Hi I've got some problems and just need a bit of reassurance that I'm doing them right!

a) For each of the following binary operations on $\displaystyle z^+$ say whether or not it is associative, commutative
i) $\displaystyle a*b=a+b^2$

This is neither commutative nor associative

ii)$\displaystyle a*b=a+1$

Is again neither commutative nor associative

b)Give an example of a binary operation on Z which is commutative but not associative

I think $\displaystyle a*b =$ $\displaystyle a^2+b^2$ or $\displaystyle a*b=ab+1$

c) On the set of integers Z define a multiplication $\displaystyle *$ by $\displaystyle a*b=1+b$ for any $\displaystyle a,b \in Z$ . Show that <Z,+,*> is not a ring, where + is the usual addition.

I think this fails because $\displaystyle (a*b)*c=1+c$, but $\displaystyle a*(b*c)= 2+c$ so not associative under multiplication.
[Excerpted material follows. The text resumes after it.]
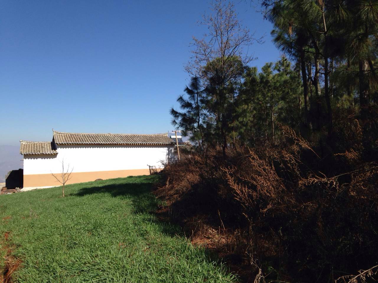 Many things have been achieved.  Water is there as well as electrity.  The main living quarter has got a new  traditional Chinese roof. All the partitions inside have been demolished and the ceiling of the ground floor has been elevated and reinforced in a way that it can support a full first floor that covers all the surface : a nice provisional living quarter.  The space to the right of the living quarter has been converted into a fully equiped bathroom.  The space to the left which used to be  a stinking old brewing place has been converted into a pretty, cosy bedroom.  The iron door and windows frames have been changed for wooden ones.  The first floor is henceforth connected with a viewing platform that has been masterminded by Minyan.  We will be able from now on to move in and live there in acceptable conditions.

However this is for 6 marks so feel like I must be missing something!

d) Prove the assertion using only axioms of a ring. Let R be a ring with a an element in R. Show there is exactly one element in which $\displaystyle a+b=b+a=0$.
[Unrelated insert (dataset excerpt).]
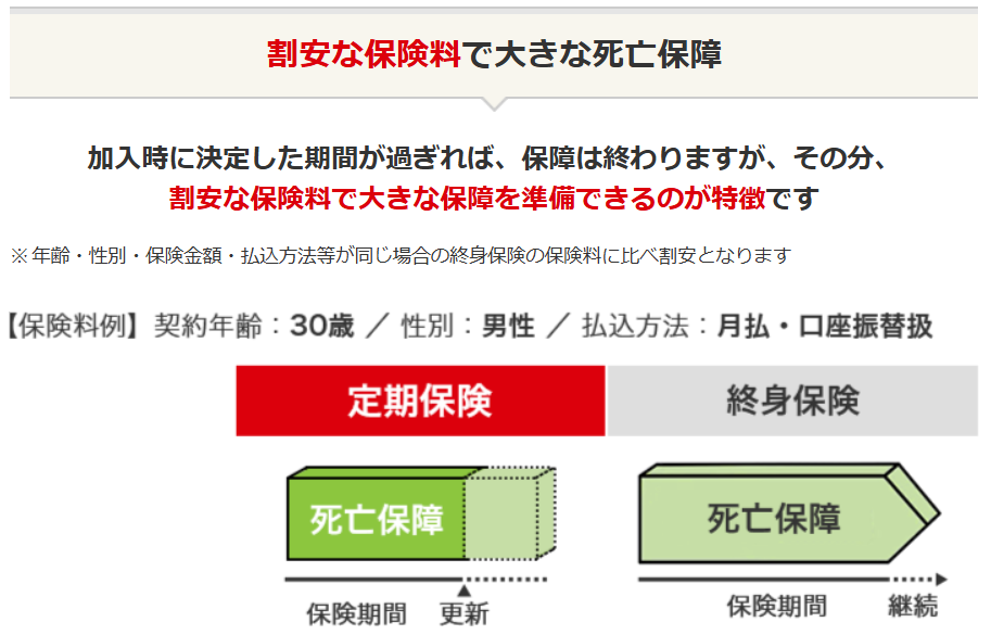 一定の期間だけ死亡保障を確保できる保険です。詳しく説明していきますね。

For this I assume two distinct elements b and c satisfy this i.e.

Then $\displaystyle (a+b)*c=0$, but $\displaystyle (b+c)*a=a*b+a*c$ not zero so assumption fails. Not sure if this is precise enough??

e) Is it true that every subring in a commutative domain R with unity is an ideal in R? Prove your claim.

I think this is true but no idea how to prove it

Sorry I know this is quite a few questions just want a bit of verification that what I'm doing is right and a bit of help with the last question!

2. You could have added counterexamples to false statements to make it easier for people to check.

I agree for a) -- c).

Originally Posted by leshields
d) Prove the assertion using only axioms of a ring. Let R be a ring with a an element in R. Show there is exactly one element in which $\displaystyle a+b=b+a=0$.

For this I assume two distinct elements b and c satisfy this i.e. ???

Then $\displaystyle (a+b)*c=0$, but $\displaystyle (b+c)*a=a*b+a*c$ not zero so assumption fails.
This I don't understand at all. Yes, (a + b) * c = 0, but why a * b + a * c != 0? What is the contradiction?

Originally Posted by leshields
e) Is it true that every subring in a commutative domain R with unity is an ideal in R? Prove your claim.
What about reals as a subring of complex numbers?

3. Oh yeah that doesn't make sense! and i missed i.e. $\displaystyle a+b=0$and$\displaystyle a+c=0$

how about if I say $\displaystyle (b+a)+c=b+(a+c)$ implies$\displaystyle 0+c=b+0$ hence $\displaystyle b=c$

e) Not true!!

Reals obviously a subring of Complex with unity

If $\displaystyle a\in R$ and $\displaystyle b\in C$ then R is an ideal of C iff $\displaystyle b.a=a.b \in R$this is clearly not the case for example taking a=1 and b=i

Hoping thats a bit better??

4. Yes, I believe this is correct. I would only replace "iff" in the second last sentence by "only if" because the fact that ba = ab is in R for these particular a and b is not a sufficient condition for R to be an ideal.

5. Brill, thanks for your help!!